Our History

Early History

In order to ease land disputes after the Revolutionary War, the fledgling state of Connecticut was extended to a 120-mile piece of land in Northeastern Ohio, which became known as the Connecticut Western Reserve. 

In the late fall of 1798, Ephraim Quinby bought 441 acres of land from the Connecticut Land Company and named that land after Moses Warren, surveyor of the Western Reserve. Soon after the town was plotted, four acres were set aside in the center of the community to be used as the village square, and still exist as historic Courthouse Square Park to this day.

In 1801, Warren was established as the seat of Trumbull County, which at that time encompassed the entire Connecticut Western Reserve. General Arthur St. Clair, Governor of the Northwest Territory, is said to have selected Warren over regional rivals Cleveland and Youngstown as a result of political support received from local leaders. This distinction led to Warren's status as religious, social, and commercial hub of the early Western Reserve; for more than thirty years after its settlement, Warren was the largest and most prosperous town in the region.

The construction of rail lines was delayed in the Mahoning Valley due to the economic advantages presented by canal and lake shipping, as well as river traffic in Cleveland and Pittsburgh. As a result, instead of growing into a center for manufacturing and transportation, the handsome town known for its beauty became a refined county seat for the remainder of the nineteenth century. Warren would not see considerable industrialization, urban growth, or immigration until the beginning of the twentieth century.

Modern History

The industrial era was well underway by the beginning of the twentieth century.  In 1906, the Trumbull Steel facility (later Republic Steel, then WCI Steel) became the first integrated steelworks built in Trumbull County. Immigration increased as a result of this new industry, and the surrounding farmland was subdivided into thriving residential neighborhoods. Between 1910 and 1920, population increased by 144 percent, giving Warren the distinction of being the fastest growing town in Ohio during that decade.

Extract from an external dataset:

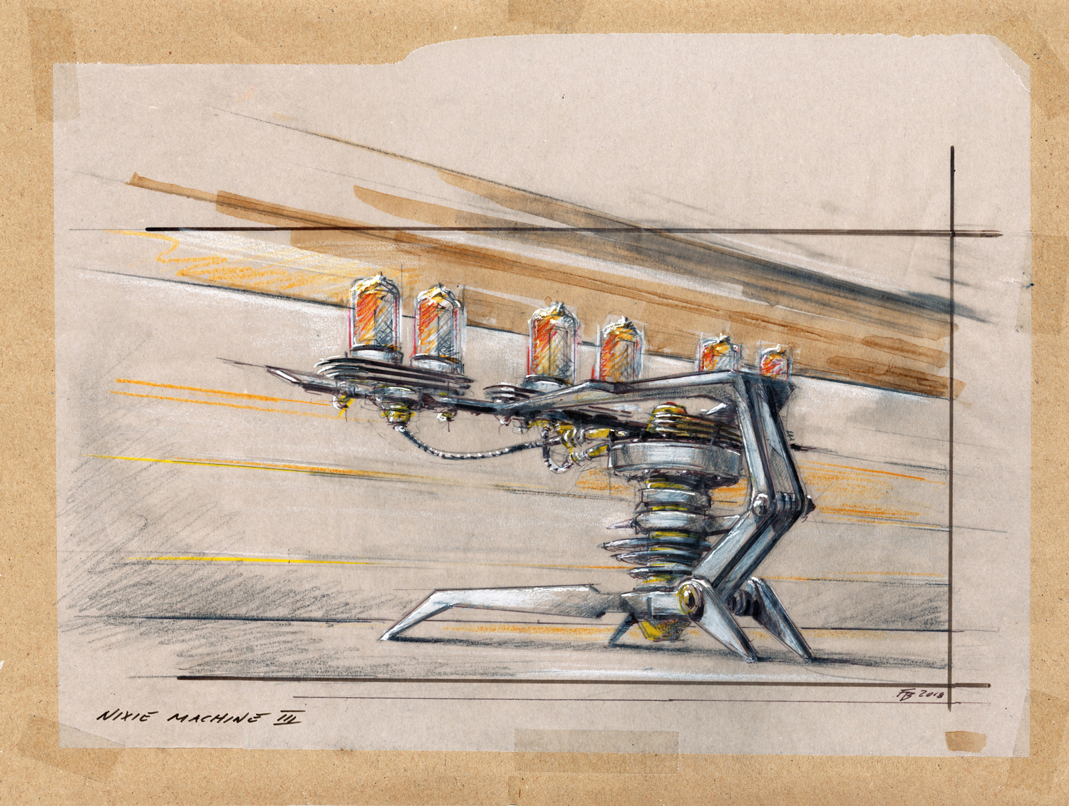 Forging onwards from the first and second editions of the Nixie Machine series, this third – and final – Nixie Machine consolidates Frank Buchwald’s design and structural principles into a futuristic work of art whose dynamic emphasis is dominated by the machine-like character of the design: the form is compact and vigorous and the proportions perfectly executed.

By the mid-1920s, industrial and business expansion had swept the county. Additional steelworks were established, and the wealthy Perkins and Packard families donated land that has become the backbone of Warren's picturesque riverside park system. The skyline of downtown Warren reached its present outline in 1923 and has not since changed; the city has the distinction amongst major Ohio cities of having the only downtown skyline still standing in the shadow of the spire of a grand nineteenth century church.

After the Second World War, the region witnessed the growth of Packard Electric and other local divisions of national corporations, including the General Motors Lordstown Assembly Complex. Local civic leadership was devoted to keeping up with the burgeoning demand for social, educational, and cultural facilities. In the 1970s, the collapse of the steel industry caused economic distress on regional and national levels for nearly two decades. 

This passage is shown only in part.